Ne olursa olsun, bu sebepler bir başka powerpoint üzerinde göz göze geldiğimizde birbirimize karşı hissettiğimi çekimi engellemiyor. Belki de işteyken gerçek benliğimiz içerisinde olmadığımız içindir. Hepimiz özümüzde şekil değiştiricileriz; hiçbirimiz 7/24 aynı kişi değiliz. O terfiyi alan ya da büyük yeni sözleşmeyi imzalayan siz, flat white'ınızda sütü yanlış koydukları için baristalara bağıran ya da ilk çocuğunuzun doğduğunu görünce ağlayan siz değilsiniz. İş yerinde bir av gibi görünebilirler, ancak ortak çalışma alanınızın oymalı pleksiglasından kaçtığınızda ve kıyafetlerinizle dolu iki valizinizi aile evinizden çıkardığınızda, iş arkadaşınızı/sevgilinizi farklı bir gözle görebilirsiniz. Bütün gün birlikte çalıştıktan sonra, derme çatma aşk yuvanıza geri dönüp, bulaşıkları kimin yıkayacağına dair heyecanlı bir tartışmaya girmek, mutlu bir ilişki anlamına gelmez. Geride bıraktığınız partneriniz, iş yerinden biriyle birlikte olduğunuz için muhtemelen sizden daha da fazla nefret edecektir; bu, ihanet derecelerinde kardeşlerine kazık atmaktan bir alt seviyededir.

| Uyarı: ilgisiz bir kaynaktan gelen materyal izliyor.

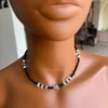 Étiquettes : accessoire artisanal, artisanal, bijou africain, bijou élégant, bijou féminin, bijou traditionnel, blanc, choker, collier, ethnique, Fait main, minimaliste, noir, perles, style touareg, TR.I.BU, tribu, unezhara, ZARIA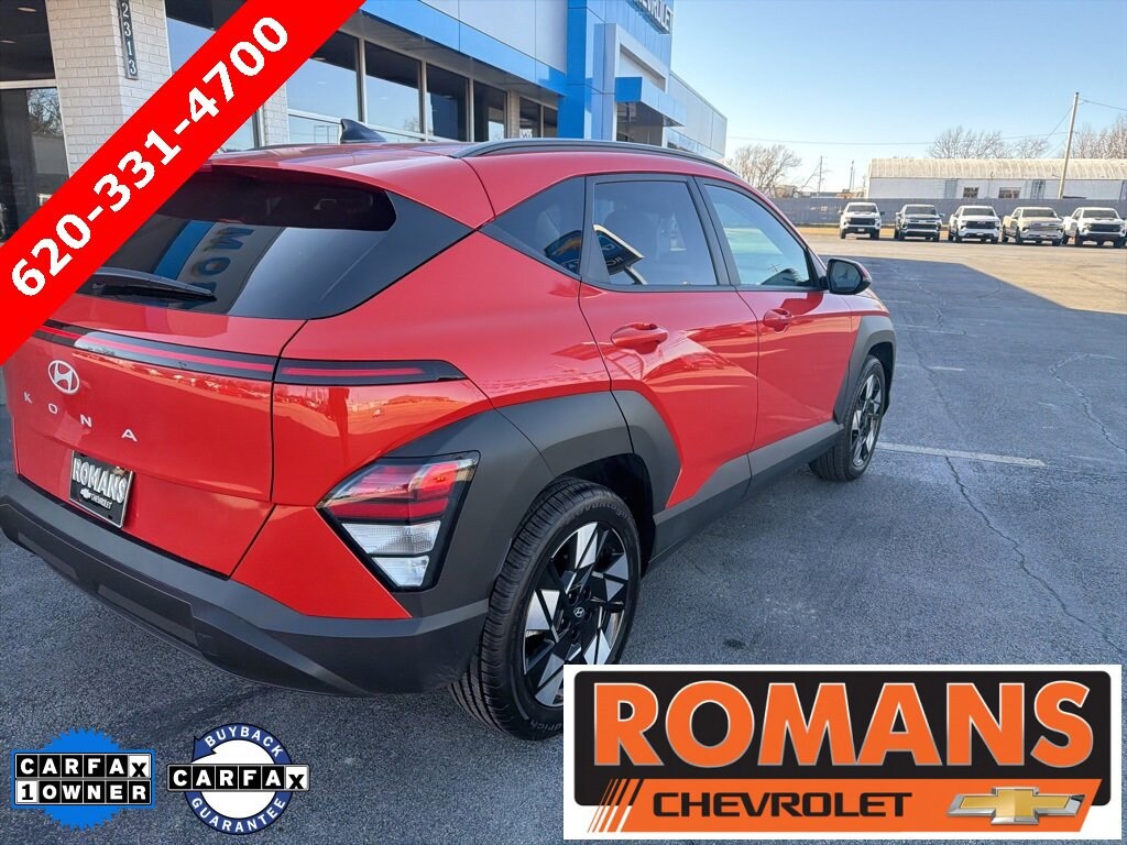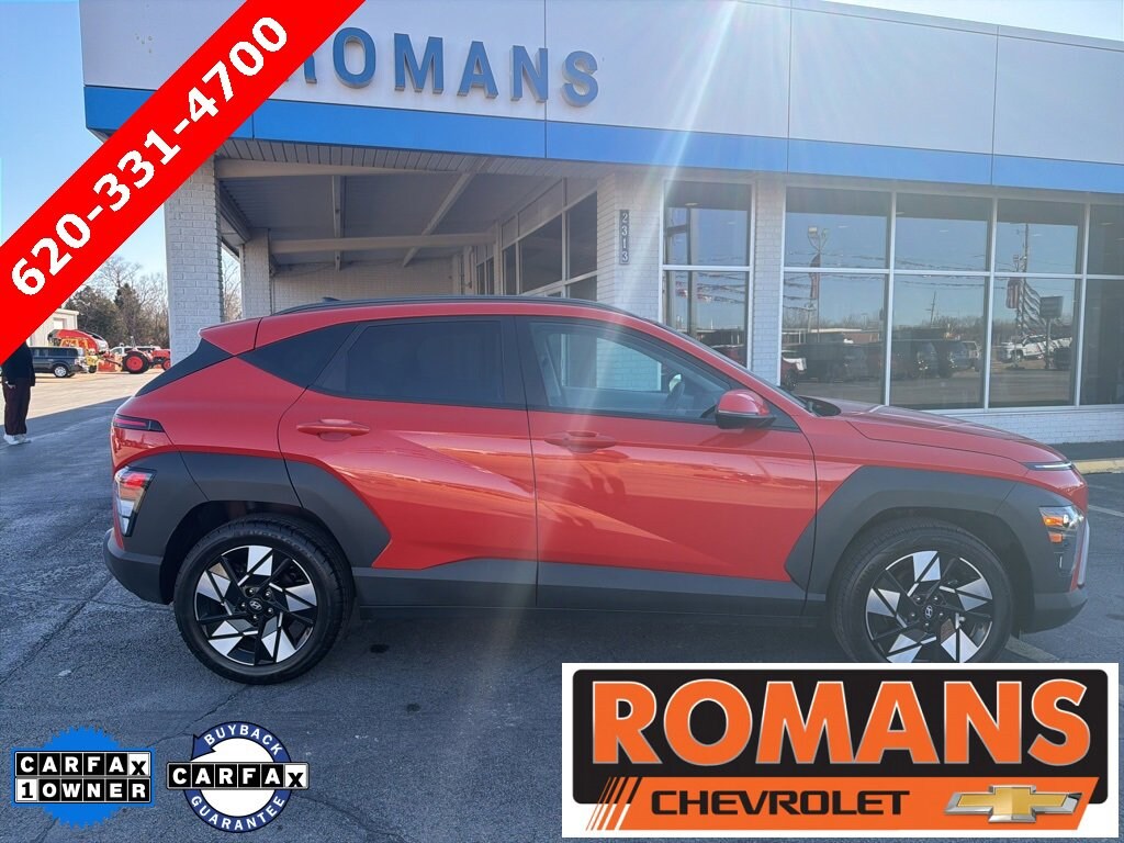 *Family owned since 1967* CARFAX One-Owner. 2025 Hyundai Kona SEL Soultronic Orange Pearl SEL 4D Sport Utility FWD CVT 2.0L I4 DOHC 16V 6 Speakers, Air Conditioning, AM/FM radio: SiriusXM, Automatic temperature control, Option Group 01, Radio: AM/FM/HD Radio/SiriusXM Audio System, 4-Wheel Disc Brakes, ABS brakes, Alloy wheels, Apple CarPlay & Android Auto, Auto High-beam Headlights, Brake assist, Bumpers: body-color, Cloth Seat Trim, Delay-off headlights, Driver door bin, Driver vanity mirror, Dual front impact airbags, Dual front side impact airbags, Electronic Stability Control, Emergency communication system: Bluelink+, Exterior Parking Camera Rear, Front anti-roll bar, Front Bucket Seats, Front Center Armrest, Front dual zone A/C, Front reading lights, Front wheel independent suspension, Fully automatic headlights, Heated door mirrors, Illuminated entry, Leather steering wheel, Low tire pressure warning, Occupant sensing airbag, Outside temperature display, Overhead airbag, Panic alarm, Passenger door bin, Passenger vanity mirror, Power door mirrors, Power driver seat, Power steering, Power windows, Rear seat center armrest, Rear window defroster, Rear window wiper, Remote keyless entry, Security system, Speed control, Speed-sensing steering, Split folding rear seat, Spoiler, Steering wheel mounted audio controls, Tachometer, Telescoping steering wheel, Tilt steering wheel, Traction control, Trip computer, Turn signal indicator mirrors, Variably intermittent wipers, Wheels: 18 x 7.0J Glossy Black Alloy, Recently Serviced., 6 Speakers, Air Conditioning, AM/FM radio: SiriusXM, Automatic temperature control, Option Group 01, Radio: AM/FM/HD Radio/SiriusXM Audio System.

Bu arada iş arkadaşlarınız ilk başta bunu eğlenceli bulabilir. Herkes biraz ofis dedikodusunu sever, WhatsApp ve Slack, insanların birkaç maaş kademesi üstündeki birinin dedikodusunu yapmak için icat edilmiştir. Ancak daha sonra onlar da kızgınlık hissetmeye başlayacaktır. Açık vermemeyi seçtiğiniz iş arkadaşlarınız başka ne gibi avantajlar elde ettiğinizi merak edecek ve iyi huylu şakalaşmanın zehire dönüşmesi uzun sürmeyecektir. Özellikle bir ekibin lideriyseniz, iş arkadaşlarınız kendilerini dışlanmış hissedebilir. Merak ediyorsanız diye söylüyorum, çözüm hepsiyle seks yapmak değildir.
İş yerinde takılan bekârlar bile bu sefaletten kaçamaz. Evet, pek çok insan iş yerinde tanışıyor ve sonrasında ofiste birbirlerinin yolundan çekilmeyi başardıkları sürece iyi bir başarı şansları oluyor. Birbirlerine takıntılı olan ya da para kazanmak için birlikte olan birkaç çift dışında, işe gitmek ya da en azından günde belirli bir süre sizi onların gözünün önünden uzaklaştıracak kendi ilgi alanlarınıza sahip olmak, gizemi biraz korur. İş günü bittiğinde size konuşacak bir şeyler verir ve en önemlisi, işle ilgili dramları eve getirmek yerine masanızda bırakmanız anlamına gelir.
Ancak kendinizi bir iş arkadaşınızla “karmaşık” bir durumda bulursanız, kendinizi hırpalamayın - iş arkadaşlarınız bunun için vardır - sadece bu konuda olabildiğince açık olun ve sırlarınıza başka kimseyi dahil etmeyin. Bu gidip başka bir iş bulabileceğiniz anlamına gelmiyor (yapabiliyorsanız yapın), bu nedenle dürüstlük ve meydan okumayı hedefleyin ve belki de iş arkadaşlarınızı yanınızda tutmak için iş akışında hafif bir değişiklik yapın. Ayrıca, ofisinizde CCTV olup olmadığını kontrol edin ve çok fazla düşman edinmemek için her cuma işe ikramlar getirdiğinizden emin olun. Örtbas edemiyorsanız, rüşvet verin.
Ancak unutmamak gerekir ki, pek çok toplantı bir e-postadan ibaret olabileceği gibi, çoğu iş yeri aşkı da hayal gücüne bırakılmalıdır.